__Exercise directions__.
Across the whole listing, return each line exactly, with no images included.

Data shown START

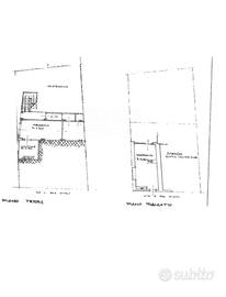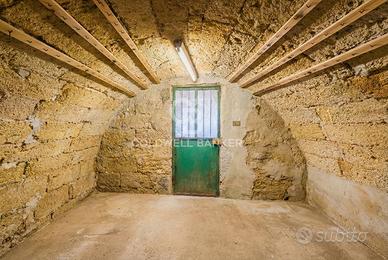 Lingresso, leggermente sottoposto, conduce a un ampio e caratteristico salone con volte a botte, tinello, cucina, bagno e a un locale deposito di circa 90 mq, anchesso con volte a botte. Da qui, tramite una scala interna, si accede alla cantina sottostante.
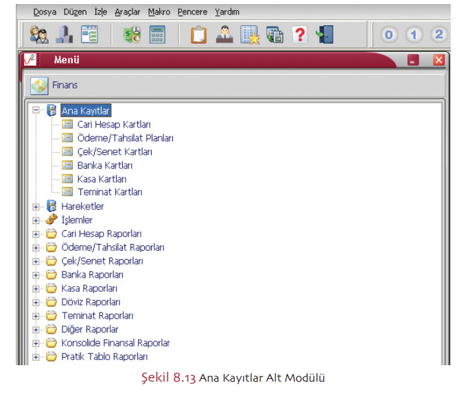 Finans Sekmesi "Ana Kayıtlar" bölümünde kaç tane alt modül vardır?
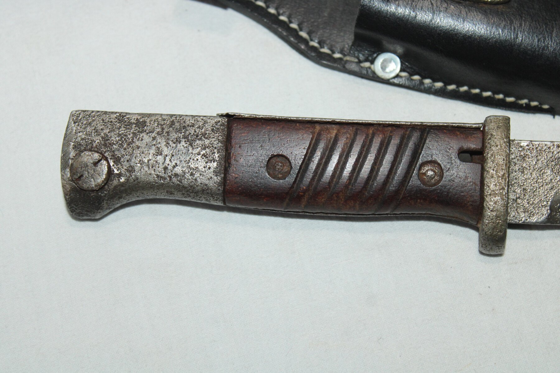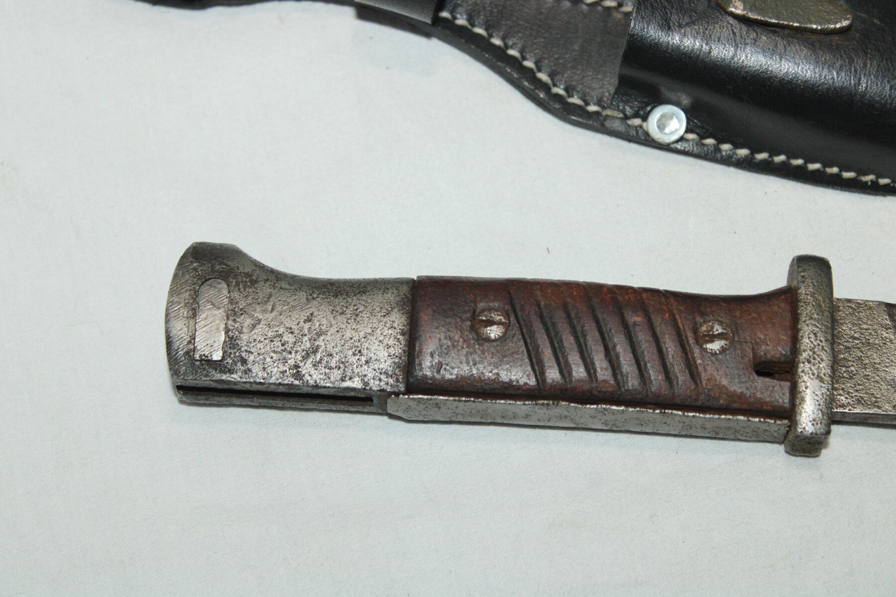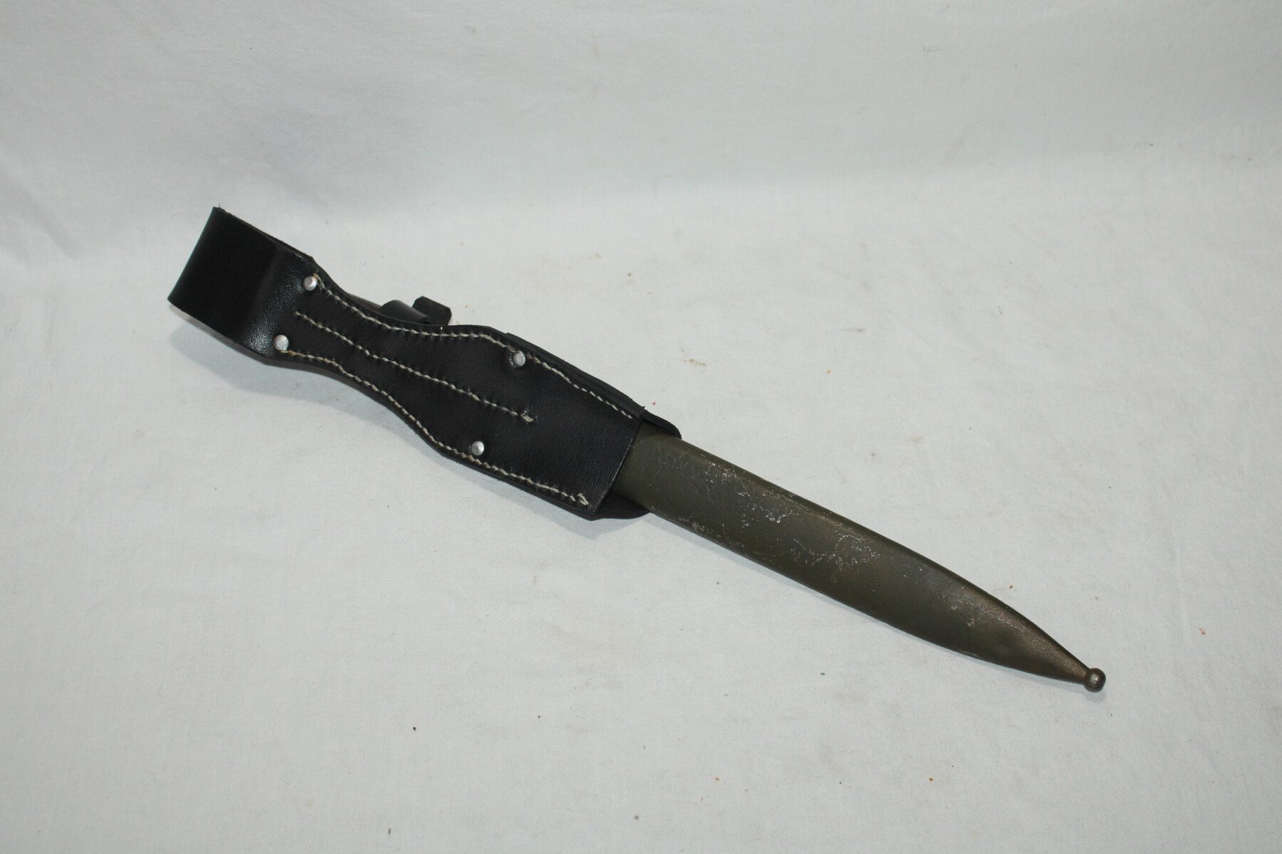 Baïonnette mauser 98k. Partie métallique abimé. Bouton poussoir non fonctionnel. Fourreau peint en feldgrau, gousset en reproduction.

Data shown END

__Answer to this task__.
 Lingresso, leggermente sottoposto, conduce a un ampio e caratteristico salone con volte a botte, tinello, cucina, bagno e a un locale deposito di circa 90 mq, anchesso con volte a botte. Da qui, tramite una scala interna, si accede alla cantina sottostante.
 Finans Sekmesi "Ana Kayıtlar" bölümünde kaç tane alt modül vardır?
 Baïonnette mauser 98k. Partie métallique abimé. Bouton poussoir non fonctionnel. Fourreau peint en feldgrau, gousset en reproduction.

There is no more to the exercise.